Little Halifax annually attracts over 70 wineries from 11 countries, showing 272 wines. Over 5000 people visit the show and spend $480 000 in two days at the temporary wine shop in the convention centre basement. The Friday show was brilliant. The Flagstone table had a constant scrum of patiently waiting Canadians, glasses extended, palates unpolluted by preconceptions.

That night I dined at a restaurant called The Press Gang. I made the mistake of carrying a bottle of The Berrio Sauvignon Blanc out of the show. You can’t do that, security said at the door. ‘Bugger, you’, I replied. I presented, with glee, the bottle to my hostess. She baulked like a frigid frigate before a deadly iceberg. Liquor, it seems, is a dangerous thing to fling freely around in Canada. Every single drop goes through the channels, the correct channels.

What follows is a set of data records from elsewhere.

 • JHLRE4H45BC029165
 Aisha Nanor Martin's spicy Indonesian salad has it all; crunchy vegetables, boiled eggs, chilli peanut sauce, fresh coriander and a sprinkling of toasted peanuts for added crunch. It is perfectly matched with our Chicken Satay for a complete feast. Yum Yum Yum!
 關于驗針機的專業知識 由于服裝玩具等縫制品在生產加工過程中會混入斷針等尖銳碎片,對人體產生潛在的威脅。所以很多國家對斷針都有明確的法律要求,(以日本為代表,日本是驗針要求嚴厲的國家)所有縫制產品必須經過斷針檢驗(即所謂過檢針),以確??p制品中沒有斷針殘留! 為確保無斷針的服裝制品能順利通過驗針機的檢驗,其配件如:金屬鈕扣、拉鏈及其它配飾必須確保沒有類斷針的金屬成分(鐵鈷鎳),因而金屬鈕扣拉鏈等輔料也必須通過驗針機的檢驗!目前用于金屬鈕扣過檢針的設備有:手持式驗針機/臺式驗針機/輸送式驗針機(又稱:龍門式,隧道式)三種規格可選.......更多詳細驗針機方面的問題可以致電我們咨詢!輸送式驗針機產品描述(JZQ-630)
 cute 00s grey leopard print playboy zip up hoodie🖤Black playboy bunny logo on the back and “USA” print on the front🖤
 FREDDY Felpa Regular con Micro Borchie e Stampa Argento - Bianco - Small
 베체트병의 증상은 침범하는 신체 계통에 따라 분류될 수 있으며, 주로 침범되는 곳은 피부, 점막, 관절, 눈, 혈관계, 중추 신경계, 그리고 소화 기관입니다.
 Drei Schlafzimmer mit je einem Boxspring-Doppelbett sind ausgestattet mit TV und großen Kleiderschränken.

The bottle remained firmly closed. Luckily the lobster was great. My guests were Laurel Keanan, the very under-funded, but supremely competent WOSA agent in Canada, and her Wines of Australia counterparts. These guys and girls are strategy-obsessed wonders. The heated intellectual ovens of media planning, the cunningly executed amuse bouche of under-the-line marketing, the chilli of copywriting, the sauce of misinformation, the ‘sweet’ success of Yellow Tail … a meal in the presence of real cooks. I sat fascinated by the conversation, transfixed by the jargon.

I woke a little shaky on Saturday, but didn’t want to miss the Eggs Benedict. It was nearly nine when I stepped into another very slow Halifax lift. Breakfast was almost over, so I broke into a little run down the lobby, bursting into the breakfast room, and colliding with a very tall Tom Selleck. He really is quite a big oke. What on earth were they putting him in a Ferrari for?

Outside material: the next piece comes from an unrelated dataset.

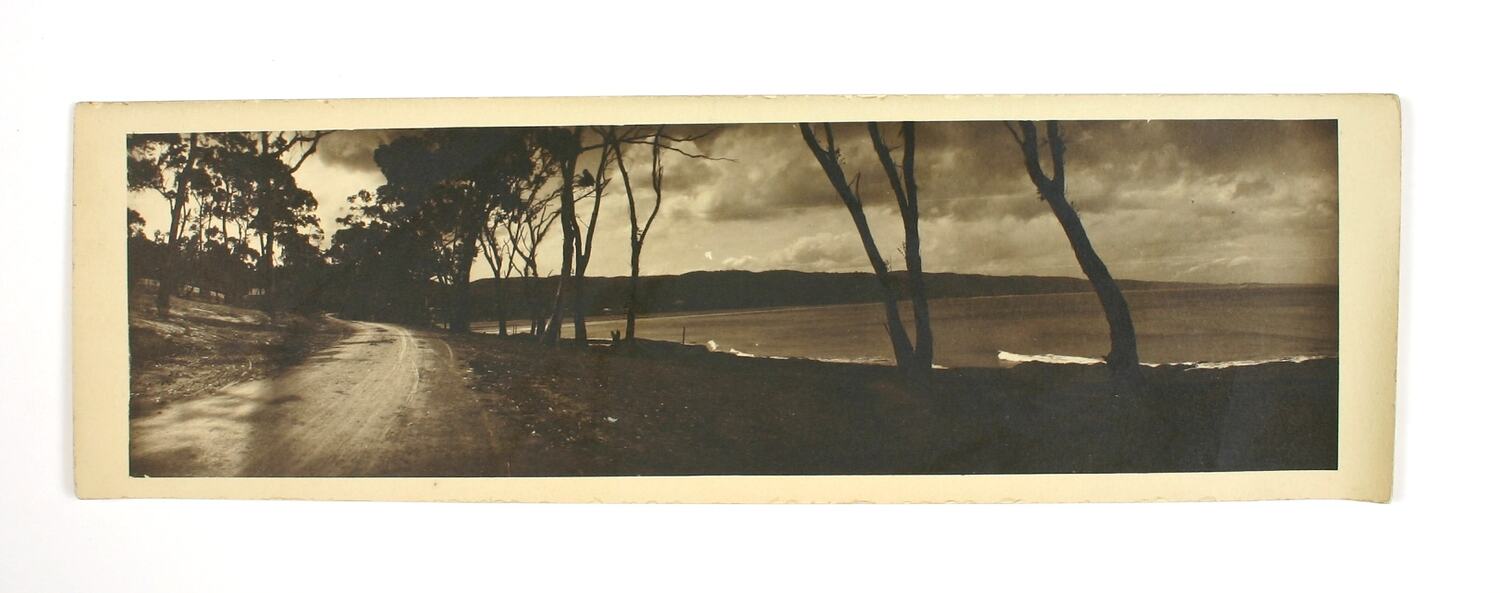 Panoramic photograph of a seascape with a dirt road at left in foreground sweeping around a bay at right. Gum trees follow the road on both sides, and waves can be seen breaking onto the beach.

There were murmurings as I left the hotel that a flurry of snow was expected. Five centimetres max, they said confidently. By the time the wine show had finished for the day a harrowing 30 cm had fallen. During the subsequent pub crawl through Halifax with Sarah Gandy, the Kumala sales manager in Canada, we jokingly took bets who would be snowed in the next day.

We walked for miles through what I suspect would be classified a blizzard, looking for Campari. 60 cm of snow was an impressive sight the next morning. I lost the bet: Sarah flew out on the only flight and I was snowed in for 48 hours.

I remembered something my grandmother told me as I slid and bumped over the snow and ice from the closed airport back to the hotel. ‘Only do business with people you like.’ I have never believed that was a choice I could make. I thought it was a Mancunian cloth trade anachronism. I was cynical, before I got snowed into Nova Scotia.

That night I found Jesus.

He was snowed in as well. I found him in the hotel restaurant and we drank a bottle of Guigal Grenache Blanc and a ripper Shiraz from Mount Langhi Ghiran. We swapped hairy travelling salesman stories, compared websites and agreed that any wine show where the gorgeous Patrizia Torti was showing her equally mesmeric Pinot Noir, was worth a second visit.